■ Dataset ■
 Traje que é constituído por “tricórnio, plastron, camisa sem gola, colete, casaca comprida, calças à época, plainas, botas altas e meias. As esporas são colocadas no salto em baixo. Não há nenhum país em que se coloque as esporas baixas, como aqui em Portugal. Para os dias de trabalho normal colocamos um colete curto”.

--

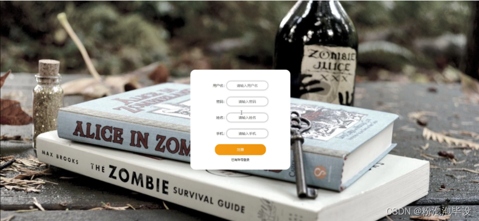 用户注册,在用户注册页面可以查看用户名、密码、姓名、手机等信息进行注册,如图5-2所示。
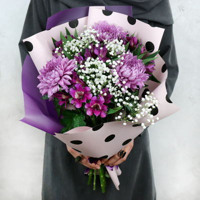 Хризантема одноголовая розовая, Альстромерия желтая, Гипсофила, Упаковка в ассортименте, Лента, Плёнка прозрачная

...

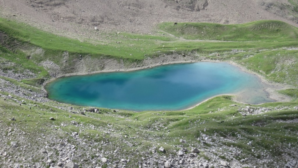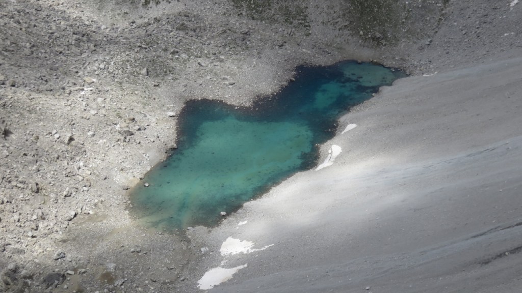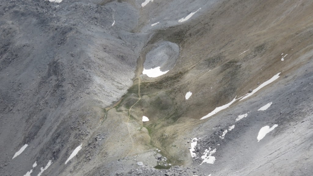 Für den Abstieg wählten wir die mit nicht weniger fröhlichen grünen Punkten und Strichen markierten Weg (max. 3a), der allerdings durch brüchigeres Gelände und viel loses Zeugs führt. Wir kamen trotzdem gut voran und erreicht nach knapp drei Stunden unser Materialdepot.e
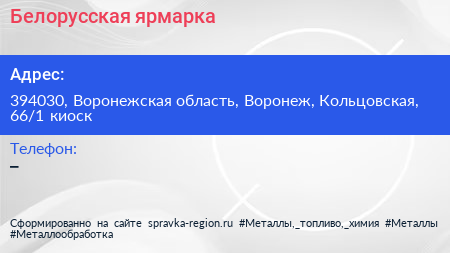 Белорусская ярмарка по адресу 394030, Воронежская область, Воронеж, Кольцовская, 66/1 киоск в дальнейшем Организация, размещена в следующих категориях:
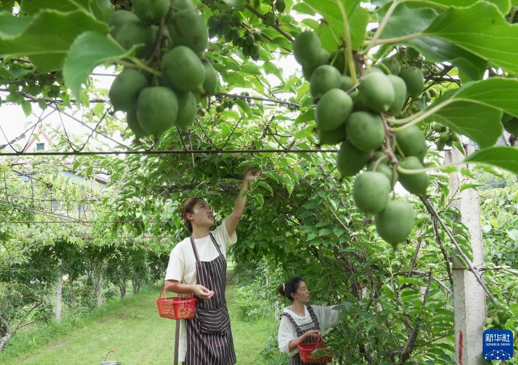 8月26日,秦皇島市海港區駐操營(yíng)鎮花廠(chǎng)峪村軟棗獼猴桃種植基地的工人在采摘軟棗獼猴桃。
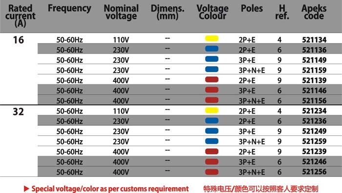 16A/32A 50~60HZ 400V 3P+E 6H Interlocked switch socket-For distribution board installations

■ What is needed ■
From the line containing "Für den Abstieg" through the line containing "Белорусская ярмарка по", copy every line above exactly, without pictures.

■ Exercise result ■
 Für den Abstieg wählten wir die mit nicht weniger fröhlichen grünen Punkten und Strichen markierten Weg (max. 3a), der allerdings durch brüchigeres Gelände und viel loses Zeugs führt. Wir kamen trotzdem gut voran und erreicht nach knapp drei Stunden unser Materialdepot.e
 Белорусская ярмарка по адресу 394030, Воронежская область, Воронеж, Кольцовская, 66/1 киоск в дальнейшем Организация, размещена в следующих категориях:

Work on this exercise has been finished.